→ What to produce
Take the line that contains "This device takes" and each one after it through the last line below, and retype them exactly. Leave out the pictures.

→ Information provided

[Start of Attachment]

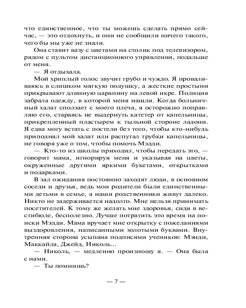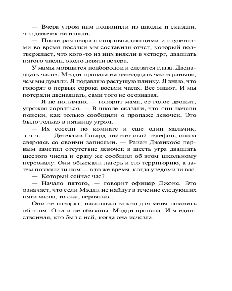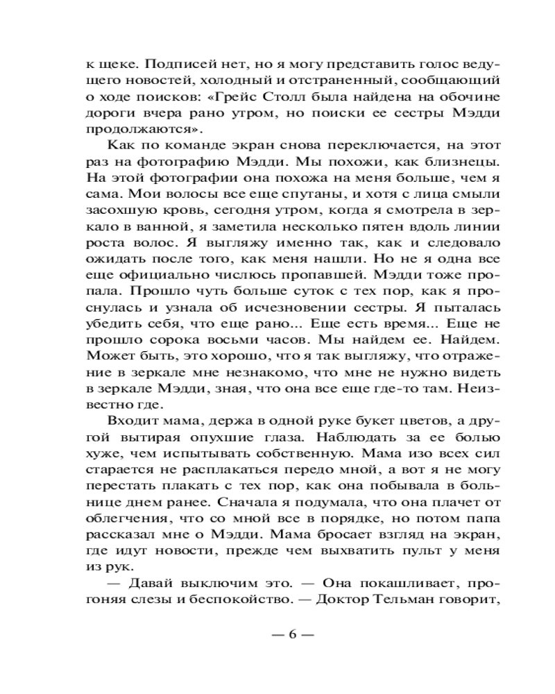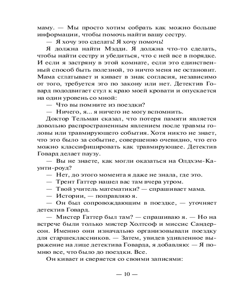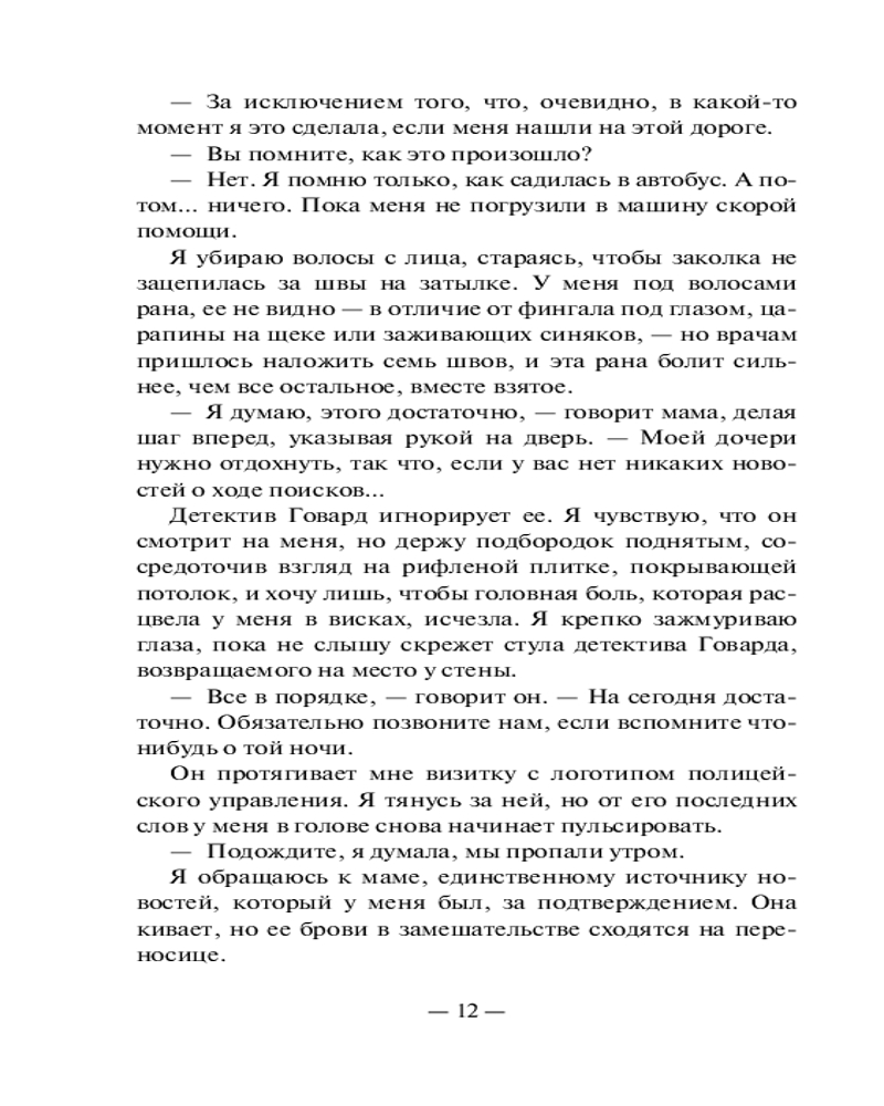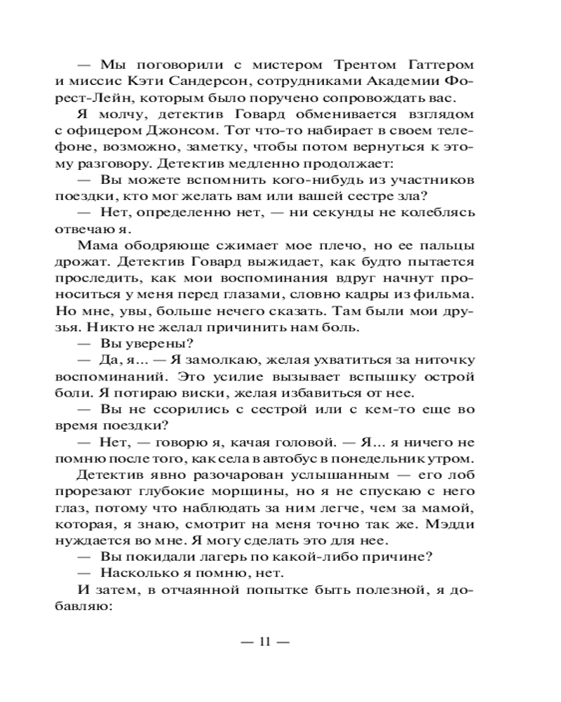 💳 Оплатить за товар можно при получении 🇰🇿 Есть бесплатная доставка по Казахстану от 1 дня 🎁 Копите бонусы с каждой покупки Серия: Neoclassic: Расследование Две сестры пропали во время школьной поездки. Общительная спортсменка Грейс и тихоня Мэдди, предпочитающая дневник обществу одноклассников и мечтающая хоть немного быть похожей на свою сестру. Но когда находят лишь Грейс — раненую и не помнящую, что произошло, — все думают, что она лжет. Ведь на ее одежде найдена кровь Мэдди... Отчаянно пытаясь узнать правду и доказать собственную невиновность, Грейс решает собрать воедино все, что произошло в этой поездке. Но вскоре она узнает, что ее собственные секреты могут оказаться самыми страшными из всех... |
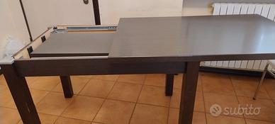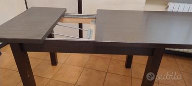 Tavolo rettangolare di colore wenghe allungabile. Dimensioni : l. 120 h 80 p. 80 Allunga estraibile con sistema girevole. Dimensioni tavolo allungato l.160. Struttura robusta e stabile. Ottimo stato. No spedizione
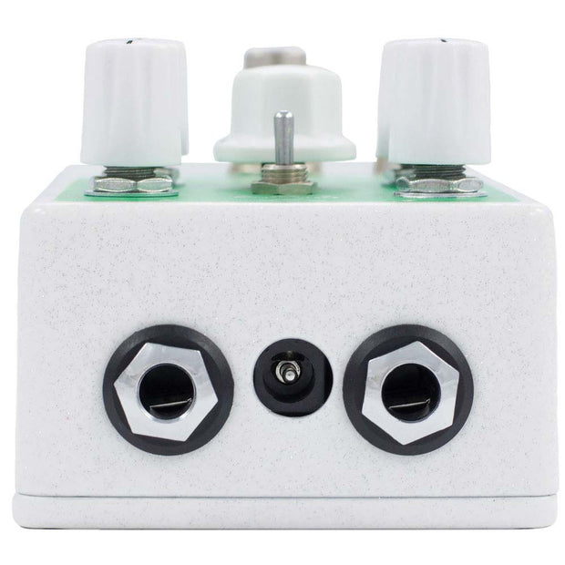 This device takes a standard 9 volt DC power supply with a 2.1mm negative center barrel. We always recommend pedal-specific, transformer-isolated wall-wart power supplies or multiple isolated-output supplies. Pedals will make extra noise if there is ripple or unclean power. Switching-type power supplies, daisy chains and non-pedal specific power supplies do not filter dirty power as well and let through unwanted noise. DO NOT RUN AT HIGHER VOLTAGES!
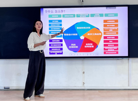 财务管理教研室主任刘骅老师从专业定位与特色、就业方向广阔、课程体系与实战能力、专升本与深造路径这四个方面作大数据与财务管理专业介绍,她指出,随着数字经济的快速发展,大数据技术在财务管理领域的应用日益广泛,课程设置涵盖财务管理、大数据财务分析、智能决策等核心内容,注重理论与实践相结合。该专业致力于培养懂财务、会分析、能管理的复合型人才。

[End of Attachment]

→ Solution
 This device takes a standard 9 volt DC power supply with a 2.1mm negative center barrel. We always recommend pedal-specific, transformer-isolated wall-wart power supplies or multiple isolated-output supplies. Pedals will make extra noise if there is ripple or unclean power. Switching-type power supplies, daisy chains and non-pedal specific power supplies do not filter dirty power as well and let through unwanted noise. DO NOT RUN AT HIGHER VOLTAGES!
 财务管理教研室主任刘骅老师从专业定位与特色、就业方向广阔、课程体系与实战能力、专升本与深造路径这四个方面作大数据与财务管理专业介绍,她指出,随着数字经济的快速发展,大数据技术在财务管理领域的应用日益广泛,课程设置涵盖财务管理、大数据财务分析、智能决策等核心内容,注重理论与实践相结合。该专业致力于培养懂财务、会分析、能管理的复合型人才。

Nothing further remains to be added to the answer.